Um vereador de Carlópolis, no Norte Pioneiro paranaense, foi afastado da função e teve bens bloqueados. O valor do bloqueio, que atinge também dois empresários, soma R$ 473 mil. A decisão judicial atende pedido cautelar formulado pela Promotoria de Justiça da comarca em ação civil pública por ato de improbidade administrativa.

De acordo com a ação, o vereador teria recebido propina dos donos de uma empresa que tem contrato com a Prefeitura e cujos pagamentos tinham interferência do parlamentar. A propina seria destinada à compra de votos na campanha para reeleição do vereador, em 2016. Os empresários foram filmados entregando dinheiro ao membro do Legislativo municipal.

A decisão de afastamento do cargo na Câmara Municipal considerou haver “indícios de que o requerido, no exercício da função pública, pode comprometer a instrução do feito”, pois “tem acesso a documentos indispensáveis para a investigação das condutas de improbidade administrativa que lhes são imputadas”. Além disso, o réu estaria “utilizando-se da função pública que exerce para dificultar a apuração de eventuais atos de improbidade, criando obstáculos ao acesso a documentos necessários à fiscalização da regularidade de sua atuação”.

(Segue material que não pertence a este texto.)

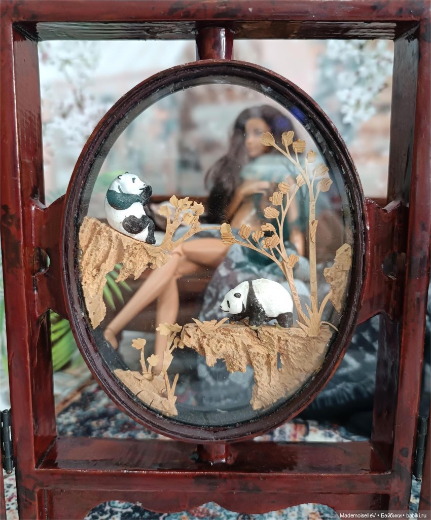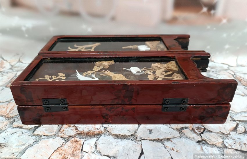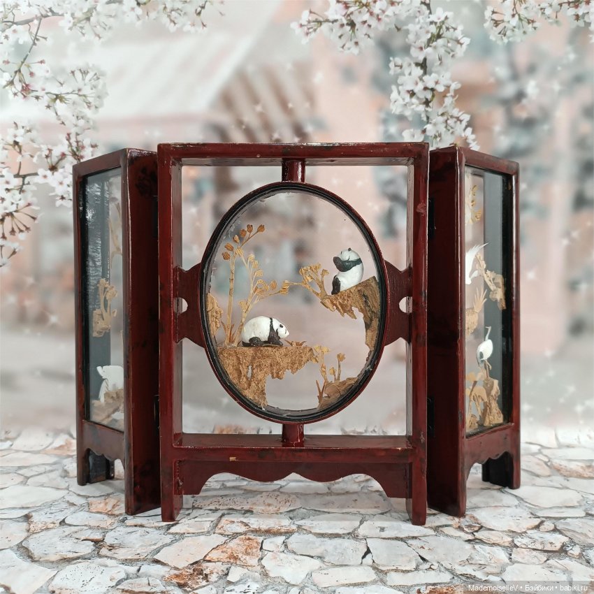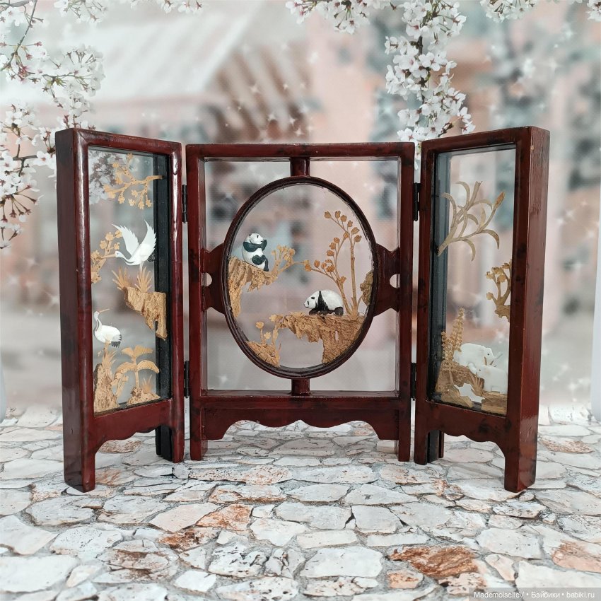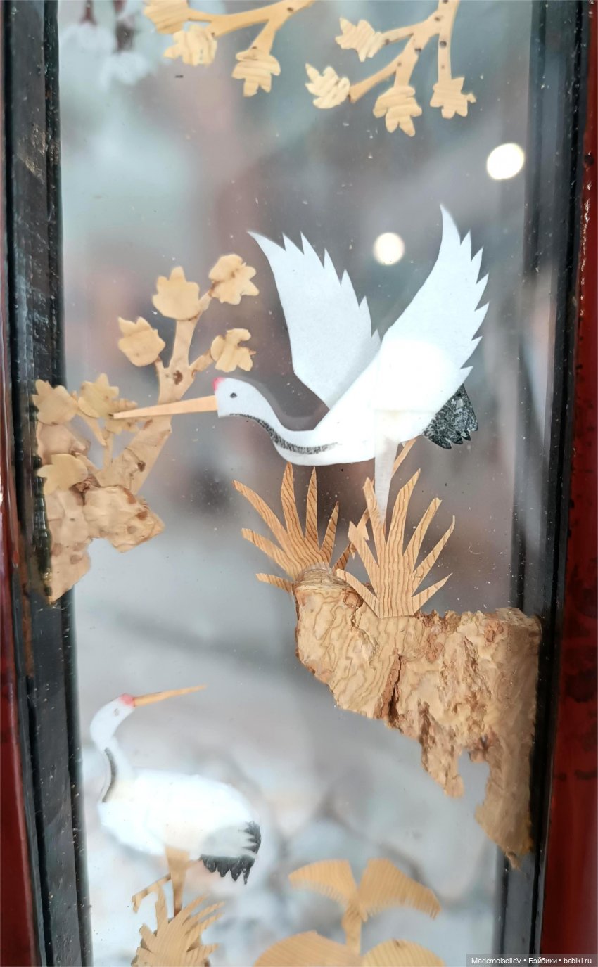 Вставки внутри створок объемные, выточены вручную из пробкового дерева. Объемные изображения с двух сторон закрыты стеклом. Благодаря этому достигнут интересный эффект «прозрачности». Традиционные китайские сюжеты — журавли, панды, природа.

No julgamento do mérito, o Ministério Público pede a condenação dos réus (o vereador e os dois empresários) às penas da Lei de Improbidade, como perda da função pública (no caso do vereador), proibição de contratar com o poder público, suspensão dos direitos políticos e pagamento de multa. Além disso, pede que sejam condenados a reparação de dano moral coletivo.

Pelos mesmos fatos, os réus respondem também, na área criminal, a um inquérito policial por práticas de crimes de corrupção ativa e passiva.